Predicting and Dissecting the Seats-Votes Curve in the 2006 U.S. House Election (with Andrew Gelman and Jamie Chandler). 2008. PS: Political Science & Politics. 41(1):139-145.



Replication Information

Abstract: The Democrats' victory in the 2006 election has been compared to the Republicans' in 2004. But the Democrats actually did a lot better in terms of the vote. The Democrats received 54.8% of the average district vote for the two parties in 2006, whereas the Republicans only averaged 51.6% in 1994. The 2006 outcome for the Democrats is comparable to their typical vote shares as the majority party in the decades preceding the 1994 realignment. Nevertheless, the size of the Democrats' victory in the 2006 House elections has obscured the sizable structural disadvantages they faced heading into the elections. In this paper we document the advantages the Republicans had, examine how and to what extent the Democrats overcame it, and offer predictions as to whether the results of the 2006 election leveled the electoral playing field for 2008. Our calculations showed that the Democrats needed at least 52% of the vote to have an even chance of taking control of the House of Representatives.

Prior to the election we estimated the seats-votes curve for 2006 by constructing a model to predict the 2006 election from 2004, and then validating the method by applying it to previous elections (predicting 2004 from 2002, and so forth). We found that the Democrats in 2006 were always destined to receive fewer seats than their corresponding average vote share. They were able to gain control of the House by winning the largest average district vote by either party since 1990. Has the 2006 election removed the Republicans' structural advantages?

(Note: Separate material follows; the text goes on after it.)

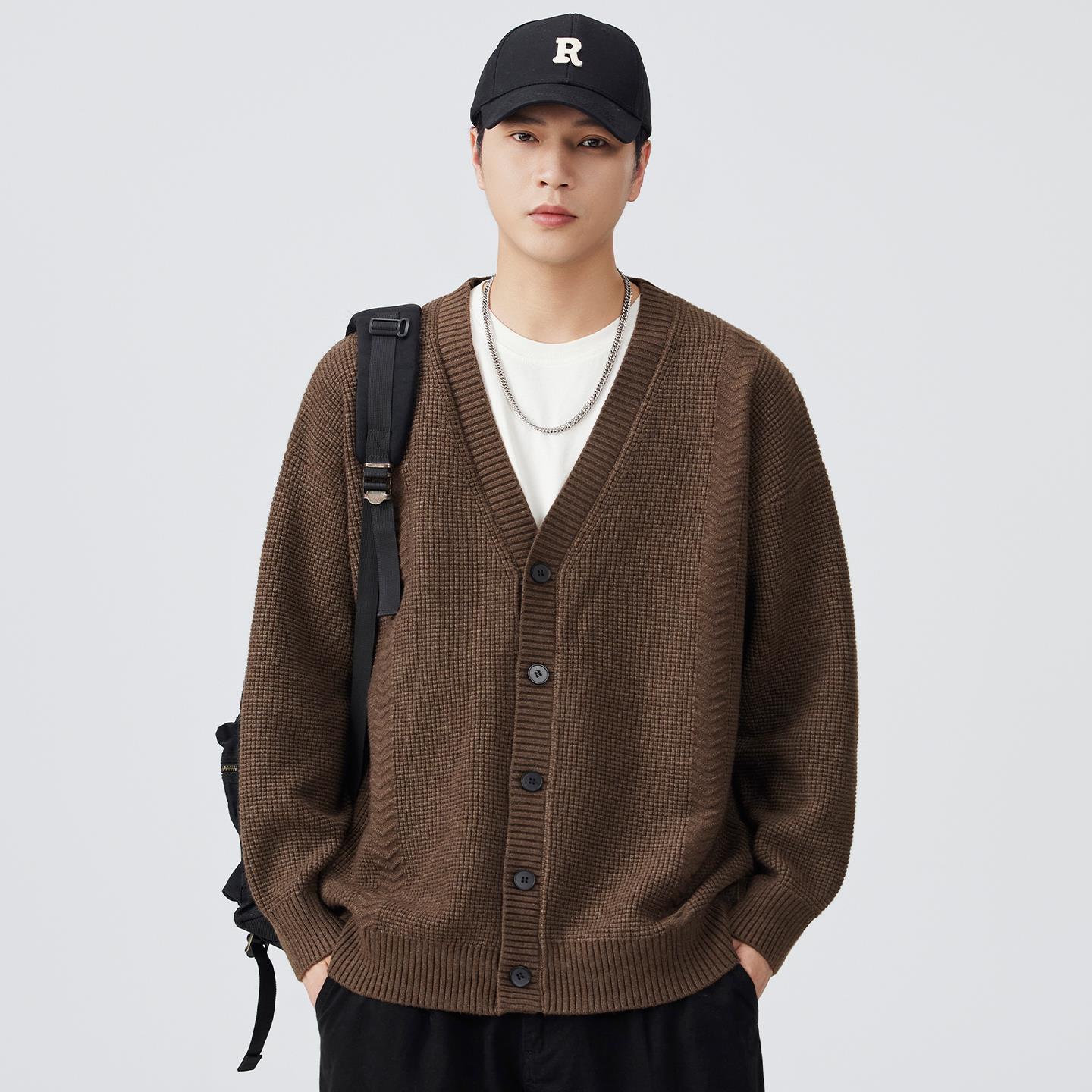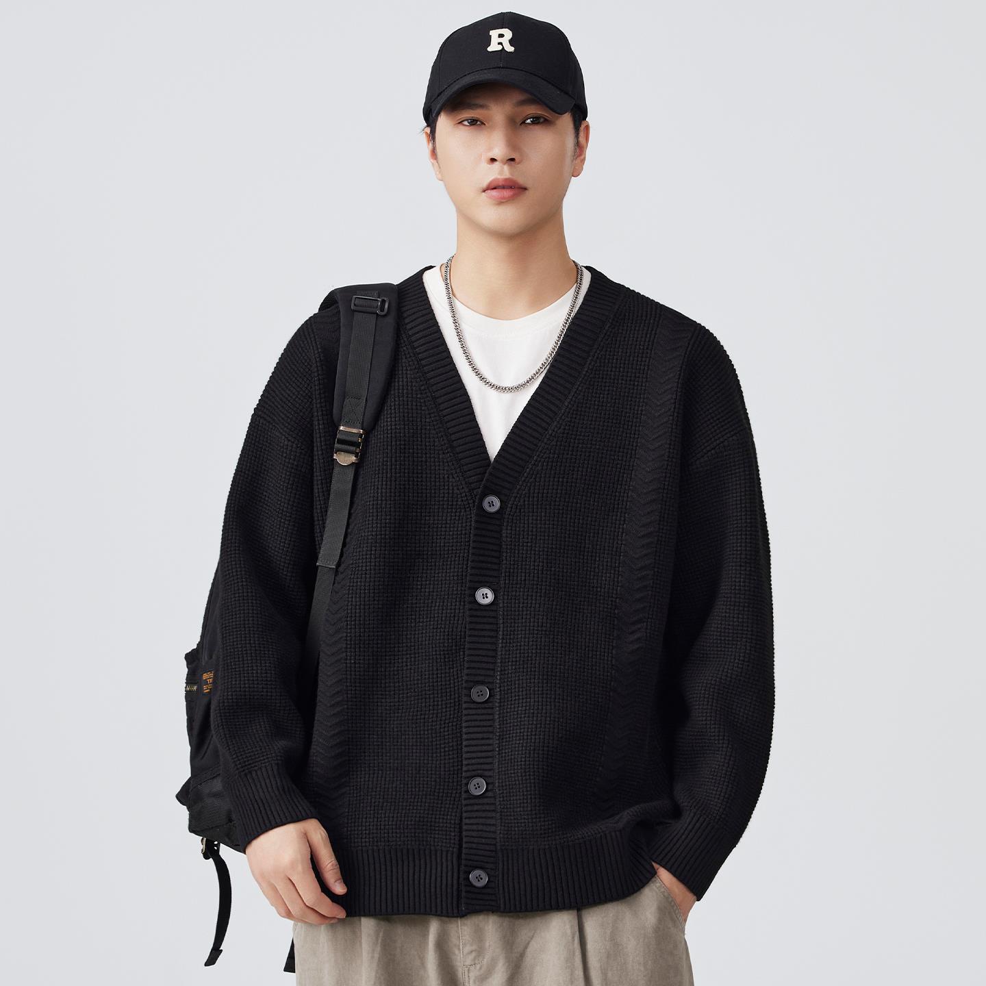 以纯秋冬季针织衫男纽扣开衫v领宽松日系纯色毛衣潮流百搭情侣款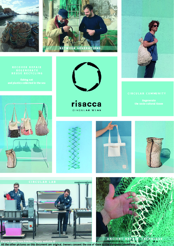 Risacca is an innovative product in the circular economy: it recovers fishing nets directly from companies in the fisheries sector, detects an output, normally not easy to dispose of, and transforms it into raw material for the production of fashion and design products.

While Republicans continue to win more close races, a preliminary analysis of the 2008 election suggests that the switch in incumbency advantage from the Republicans to the Democrats may nevertheless level the electoral playing field.

Click here to download a pdf copy of the paper.

A pre-election version of the paper is available here.


Replication Information


With the data and code described below, researchers can replicate our results and use the data for further study.  Note that all the files referenced below, including csv versions of the datasets, can be found in this zip file.



We used three datasets in the paper: a district-level dataset containing information on every election in each House election from 1946 to 2004; an aggregate-level dataset containing information on the total number of votes and seats gained by each party in the same elections; and a dataset containing information on each district that we used to make predictions for the 2006 election. 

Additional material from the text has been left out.